## Work request
Images are to be left out when the records below are printed word for word.

## Raw data
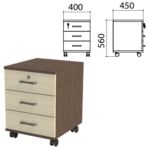 Тумба подкатная Канц, 400х450х560 мм, 3 ящика, замок, цвет венге/дуб молочный (КОМПЛЕКТ)
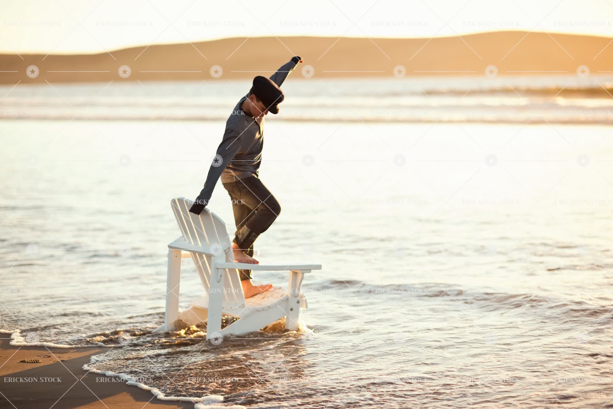 Tags adirondack chair, alone, balance, beach, blue jeans, boy, cap, casual clothes, caucasian, chair, child, coast, copy space, denim, dusk, elementary age, evening, full length, happiness, happy, hat, hats, high tide, hill, hills, horizontal, jeans, kid, kids, leisure, leisure activities, leisure activity, look down, looking down, male, motion, negative space, ocean, oceans, one person, outdoor, outdoor chair, outdoor chairs, outdoors, outside, people, person, physical geography, Playful, Playing, pre-adolescent, pre-adolescents, Pre-teen, pre-teens, preteen, preteens, recreation, recreational pursuit, recreational pursuits, scenery, scenic, scenics, sea, seas, seaside, shore, shoreline, shores, solitude, stand, standing, stands, sundown, sunset, surf, tidal, tide, tween, twilight, wait, waiting, water, wave, waves
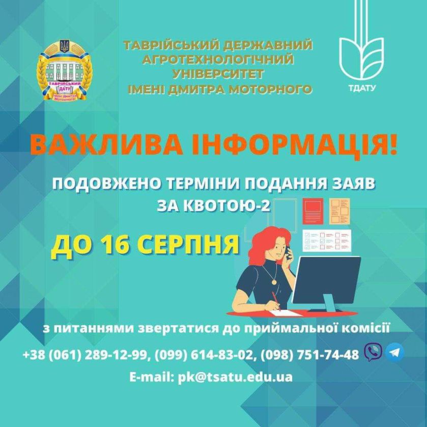 Привіт, вступнику!??♀️У Таврійському державному агротехнологічному університеті імені Дмитра Моторного подовжено термін прийому заяв для ВСТУПУ НА БЮДЖЕТ за квотою- 2 до 16 серпня.?
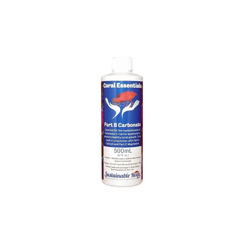 Coral Essentials Deel B Carbonaat is een geconcentreerde vloeibare oplossing van carbonaat- en bicarbonaatzouten, 200.000 ppm (mg / L) of 11.200 DKH. Carbonaat is ook een essentiële component in de vorming van skeletten van calciumcarbonaat, dwz koraalgroei.
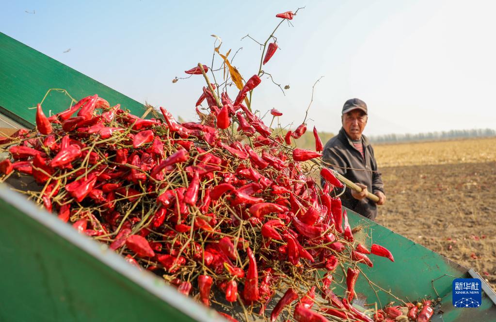 10月25日,在開魯縣東風鎮東方紅村,村民在田間收獲紅干椒。

## Your response
 Тумба подкатная Канц, 400х450х560 мм, 3 ящика, замок, цвет венге/дуб молочный (КОМПЛЕКТ)
 Tags adirondack chair, alone, balance, beach, blue jeans, boy, cap, casual clothes, caucasian, chair, child, coast, copy space, denim, dusk, elementary age, evening, full length, happiness, happy, hat, hats, high tide, hill, hills, horizontal, jeans, kid, kids, leisure, leisure activities, leisure activity, look down, looking down, male, motion, negative space, ocean, oceans, one person, outdoor, outdoor chair, outdoor chairs, outdoors, outside, people, person, physical geography, Playful, Playing, pre-adolescent, pre-adolescents, Pre-teen, pre-teens, preteen, preteens, recreation, recreational pursuit, recreational pursuits, scenery, scenic, scenics, sea, seas, seaside, shore, shoreline, shores, solitude, stand, standing, stands, sundown, sunset, surf, tidal, tide, tween, twilight, wait, waiting, water, wave, waves
 Привіт, вступнику!??♀️У Таврійському державному агротехнологічному університеті імені Дмитра Моторного подовжено термін прийому заяв для ВСТУПУ НА БЮДЖЕТ за квотою- 2 до 16 серпня.?
 Coral Essentials Deel B Carbonaat is een geconcentreerde vloeibare oplossing van carbonaat- en bicarbonaatzouten, 200.000 ppm (mg / L) of 11.200 DKH. Carbonaat is ook een essentiële component in de vorming van skeletten van calciumcarbonaat, dwz koraalgroei.
 10月25日,在開魯縣東風鎮東方紅村,村民在田間收獲紅干椒。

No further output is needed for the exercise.